Received fatal alert: protocol_version

This is due to the TLS settings that Fastly uses. To work around this, you can either update your Java version to at least Java 8, or set the environment variable LEIN_JVM_OPTS=-Dhttps.protocols=TLSv1.2 to force Java 7 to use TLS 1.2. Alternatively, you can switch back to using the old Clojars repository:

;; Add this to your project.clj
:repositories {"clojars" "https://clojars.org/repo"}

technomancy/leiningen#2364 has more information on this issue and discussions on ways to automatically detect and fix this issue for people.

New lein deps commands

A number of new subtasks were added to the deps command.

:why

The :why subtask can be used as an alternative to the lein deps :tree subtask if you only want to see the path to a particular dependency. You pass it a single dependency coordinate and it will show you where and why a particular version was selected. If the artifact isn’t in your dependencies, you will get no output.

$ lein deps :why io.netty/netty-codec
[com.google.cloud.trace/trace-grpc-api-service 0.5.0]
  [com.google.cloud.trace.v1/sink 0.5.0]
    [com.google.cloud/google-cloud-trace 0.24.0-alpha]
      [io.grpc/grpc-netty 1.6.1]
        [io.netty/netty-codec-http2 4.1.14.Final]
          [io.netty/netty-codec-http 4.1.14.Final]
            [io.netty/netty-codec 4.1.14.Final]

:tree-data

lein deps :tree-data is similar to the well-known lein deps :tree, but returns the dependency data as EDN. Leiningen returns the dependencies to stdout and any warnings to stderr, so you can redirect the output to a file with lein deps :tree-data > lein-deps.edn.

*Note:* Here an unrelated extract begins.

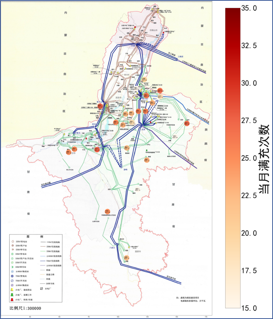 上图是24年4月份宁夏地区储能电站当月储能电站折算满充次数热点分析,就能够看出储能电站的充放电调用次数和新能源装机集中度、负荷布局、潮流、断面和节点有强耦合关系。

$ lein deps :tree-data # running against Day8/re-frame
{[binaryage/devtools "0.9.4" :scope "test"]
 {[binaryage/env-config "0.2.0" :scope "test"] nil},
 [clj-stacktrace "0.2.8"] nil,
 [clojure-complete "0.2.4" :exclusions [[org.clojure/clojure]]] nil,
 [criterium "0.4.3"] nil,
 [cuid "0.1.1"] nil,
 [karma-reporter "3.0.0-alpha1" :scope "test"]
 {[fipp "0.6.7" :scope "test"]
  {[org.clojure/core.rrb-vector "0.0.11" :scope "test"] nil}},
 ...

:plugin-tree

lein deps :plugin-tree is also similar to lein deps :tree, but instead returns the dependency tree for any loaded plugins. This can be extremely useful for tracking down dependency conflicts between plugins.

Conclusion

Leiningen 2.8.1 includes some important features and fixes, as well as Java 9 support. The steps outlined above should help avoid any errors you may get from older JDKs or HTTP Maven repositories. I recommend updating to use it at your earliest convenience.